• **Exercise instructions**
Your task is to return, word for word, only the lines from the line with "WORLD WAR II" through the close of the data. Exclude all pictures.

• **Collected data**
%%

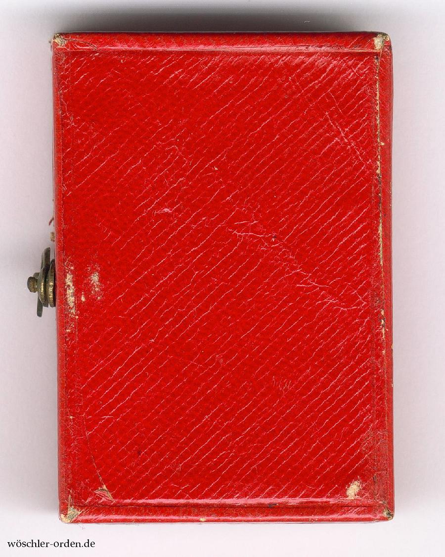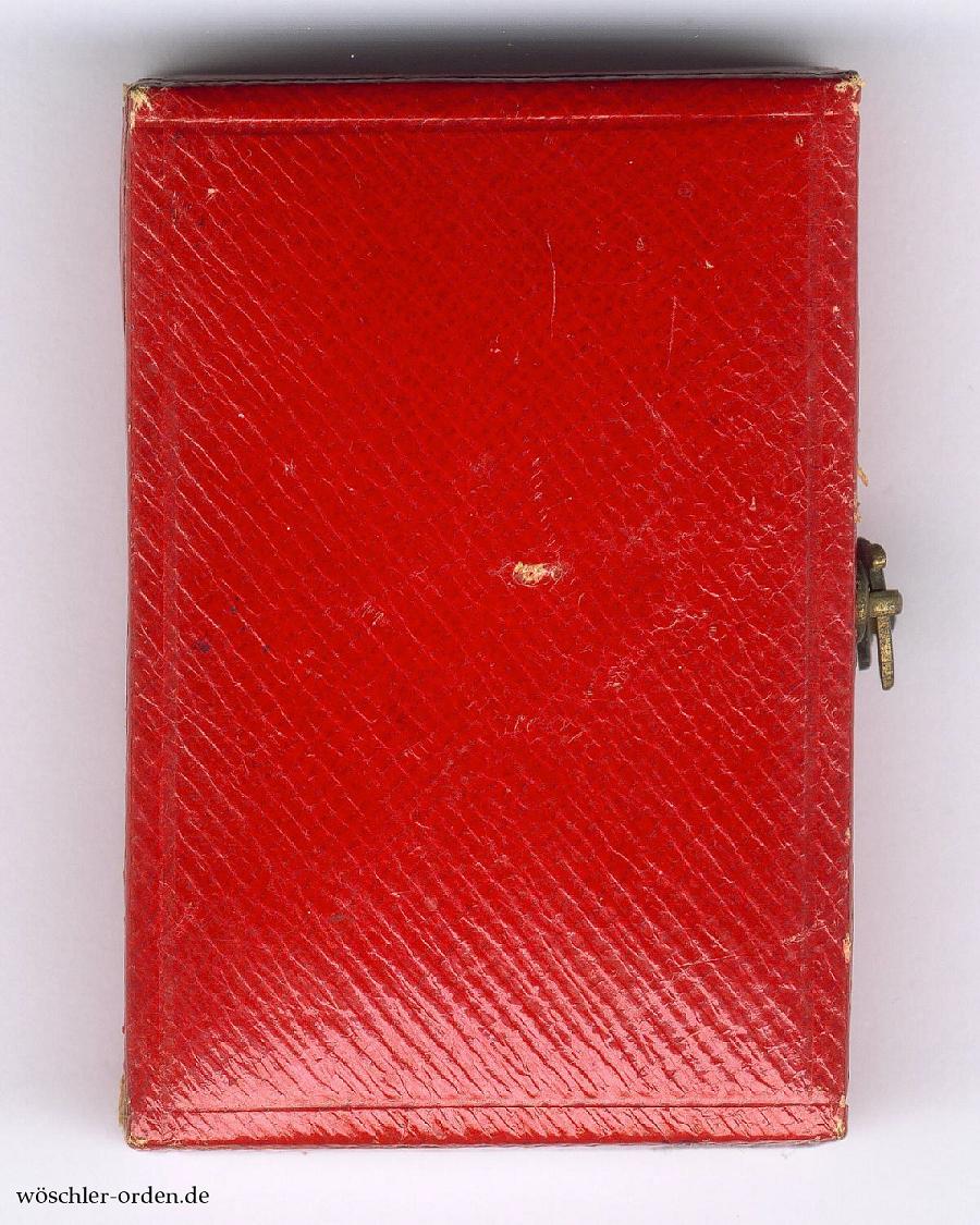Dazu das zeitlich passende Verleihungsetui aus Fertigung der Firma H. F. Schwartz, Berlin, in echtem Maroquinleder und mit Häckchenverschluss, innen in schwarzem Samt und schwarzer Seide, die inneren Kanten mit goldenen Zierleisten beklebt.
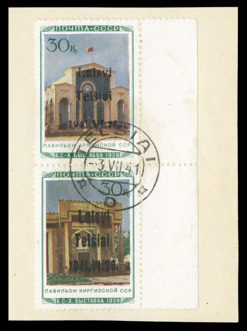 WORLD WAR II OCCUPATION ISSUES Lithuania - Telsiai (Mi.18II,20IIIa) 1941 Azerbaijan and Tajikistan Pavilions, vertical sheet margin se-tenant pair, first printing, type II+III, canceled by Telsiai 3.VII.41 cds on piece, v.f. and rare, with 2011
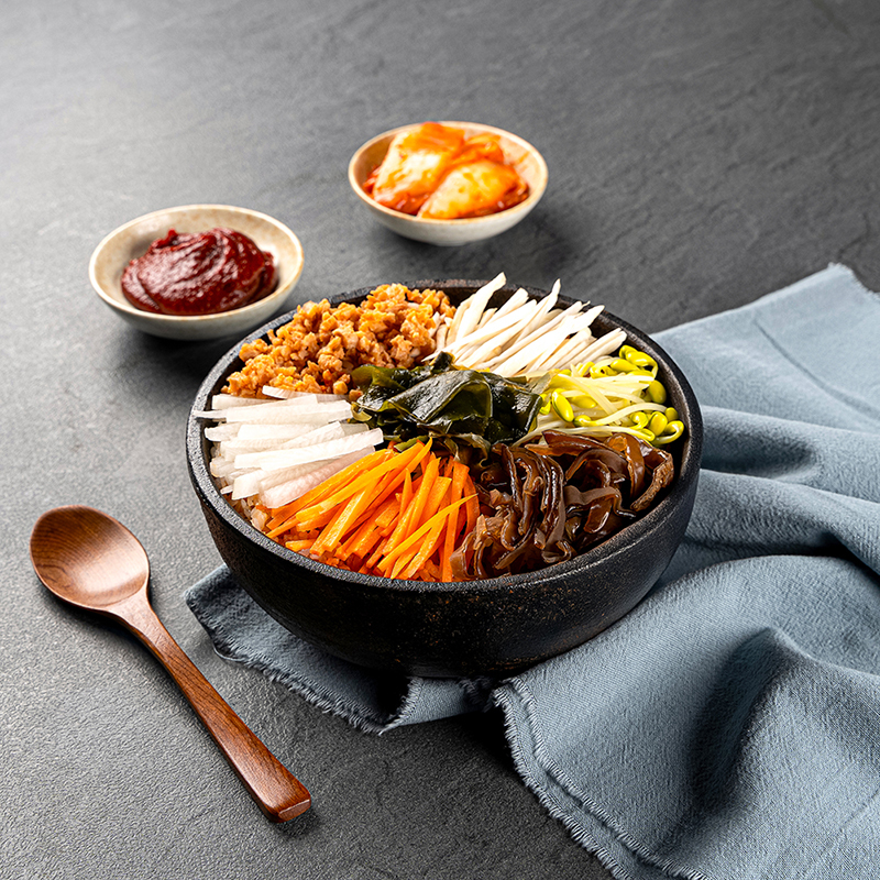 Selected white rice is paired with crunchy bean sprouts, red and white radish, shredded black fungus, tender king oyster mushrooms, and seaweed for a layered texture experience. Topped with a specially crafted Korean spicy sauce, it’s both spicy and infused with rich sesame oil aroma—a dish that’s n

%%

• **Completed task**
 WORLD WAR II OCCUPATION ISSUES Lithuania - Telsiai (Mi.18II,20IIIa) 1941 Azerbaijan and Tajikistan Pavilions, vertical sheet margin se-tenant pair, first printing, type II+III, canceled by Telsiai 3.VII.41 cds on piece, v.f. and rare, with 2011
 Selected white rice is paired with crunchy bean sprouts, red and white radish, shredded black fungus, tender king oyster mushrooms, and seaweed for a layered texture experience. Topped with a specially crafted Korean spicy sauce, it’s both spicy and infused with rich sesame oil aroma—a dish that’s n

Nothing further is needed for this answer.